[Start of section]
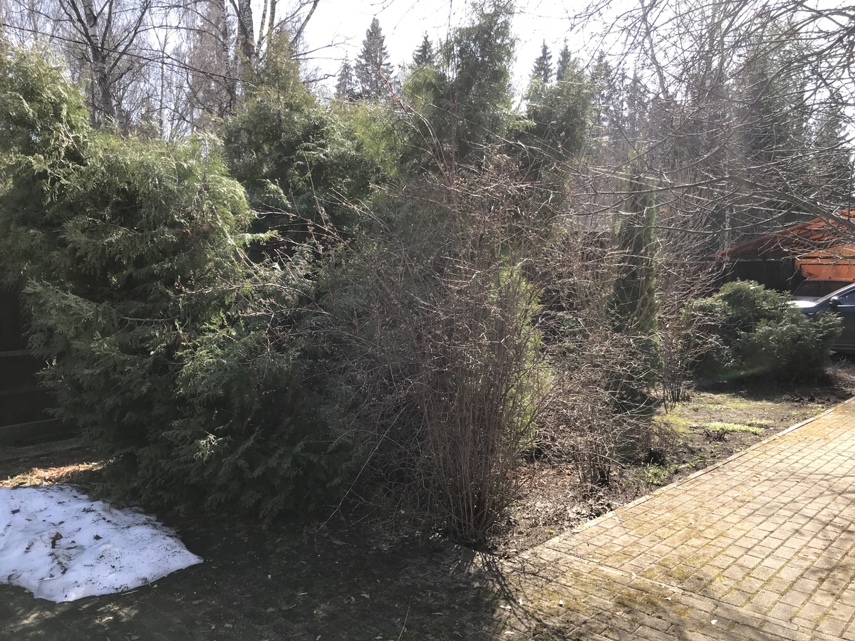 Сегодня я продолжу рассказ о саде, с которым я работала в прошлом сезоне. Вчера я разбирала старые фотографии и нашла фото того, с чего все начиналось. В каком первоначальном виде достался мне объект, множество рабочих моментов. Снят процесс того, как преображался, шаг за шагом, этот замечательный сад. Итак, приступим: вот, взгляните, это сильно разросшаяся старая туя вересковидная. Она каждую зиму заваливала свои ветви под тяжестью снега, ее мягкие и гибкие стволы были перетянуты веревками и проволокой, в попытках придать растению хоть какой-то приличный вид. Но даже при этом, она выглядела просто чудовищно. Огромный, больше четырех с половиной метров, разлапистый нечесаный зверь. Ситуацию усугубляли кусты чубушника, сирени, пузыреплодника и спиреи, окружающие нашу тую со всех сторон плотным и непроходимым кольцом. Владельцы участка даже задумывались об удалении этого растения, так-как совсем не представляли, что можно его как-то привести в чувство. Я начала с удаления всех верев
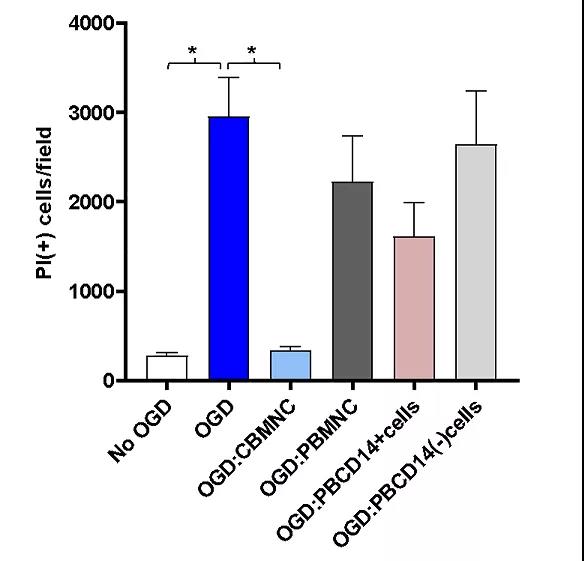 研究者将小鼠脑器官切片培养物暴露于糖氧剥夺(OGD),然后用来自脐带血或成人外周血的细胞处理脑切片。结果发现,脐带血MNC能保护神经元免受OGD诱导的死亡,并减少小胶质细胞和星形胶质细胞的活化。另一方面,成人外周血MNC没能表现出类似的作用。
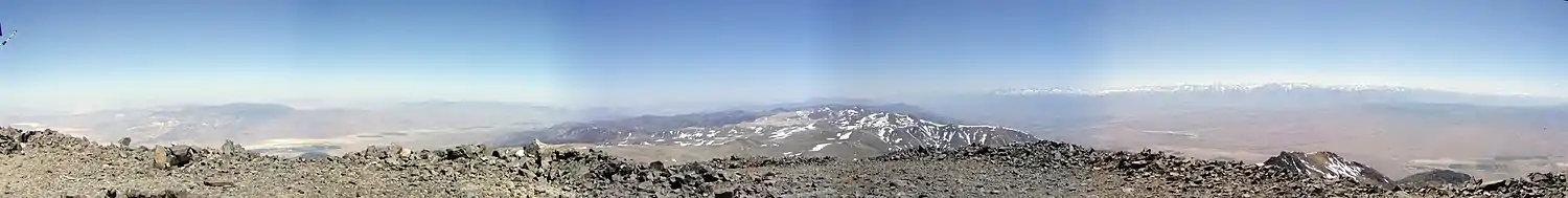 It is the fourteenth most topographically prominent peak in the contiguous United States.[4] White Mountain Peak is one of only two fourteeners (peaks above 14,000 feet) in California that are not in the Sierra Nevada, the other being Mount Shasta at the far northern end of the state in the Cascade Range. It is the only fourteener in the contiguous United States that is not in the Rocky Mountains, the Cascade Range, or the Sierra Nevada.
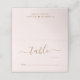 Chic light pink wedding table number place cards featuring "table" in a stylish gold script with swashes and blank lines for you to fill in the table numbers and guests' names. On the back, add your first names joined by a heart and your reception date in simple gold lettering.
[End of section]
> [Work required]:
The material must be restated verbatim. Its pictures must be omitted.

> [Response area]:
 Сегодня я продолжу рассказ о саде, с которым я работала в прошлом сезоне. Вчера я разбирала старые фотографии и нашла фото того, с чего все начиналось. В каком первоначальном виде достался мне объект, множество рабочих моментов. Снят процесс того, как преображался, шаг за шагом, этот замечательный сад. Итак, приступим: вот, взгляните, это сильно разросшаяся старая туя вересковидная. Она каждую зиму заваливала свои ветви под тяжестью снега, ее мягкие и гибкие стволы были перетянуты веревками и проволокой, в попытках придать растению хоть какой-то приличный вид. Но даже при этом, она выглядела просто чудовищно. Огромный, больше четырех с половиной метров, разлапистый нечесаный зверь. Ситуацию усугубляли кусты чубушника, сирени, пузыреплодника и спиреи, окружающие нашу тую со всех сторон плотным и непроходимым кольцом. Владельцы участка даже задумывались об удалении этого растения, так-как совсем не представляли, что можно его как-то привести в чувство. Я начала с удаления всех верев
 研究者将小鼠脑器官切片培养物暴露于糖氧剥夺(OGD),然后用来自脐带血或成人外周血的细胞处理脑切片。结果发现,脐带血MNC能保护神经元免受OGD诱导的死亡,并减少小胶质细胞和星形胶质细胞的活化。另一方面,成人外周血MNC没能表现出类似的作用。
 It is the fourteenth most topographically prominent peak in the contiguous United States.[4] White Mountain Peak is one of only two fourteeners (peaks above 14,000 feet) in California that are not in the Sierra Nevada, the other being Mount Shasta at the far northern end of the state in the Cascade Range. It is the only fourteener in the contiguous United States that is not in the Rocky Mountains, the Cascade Range, or the Sierra Nevada.
 Chic light pink wedding table number place cards featuring "table" in a stylish gold script with swashes and blank lines for you to fill in the table numbers and guests' names. On the back, add your first names joined by a heart and your reception date in simple gold lettering.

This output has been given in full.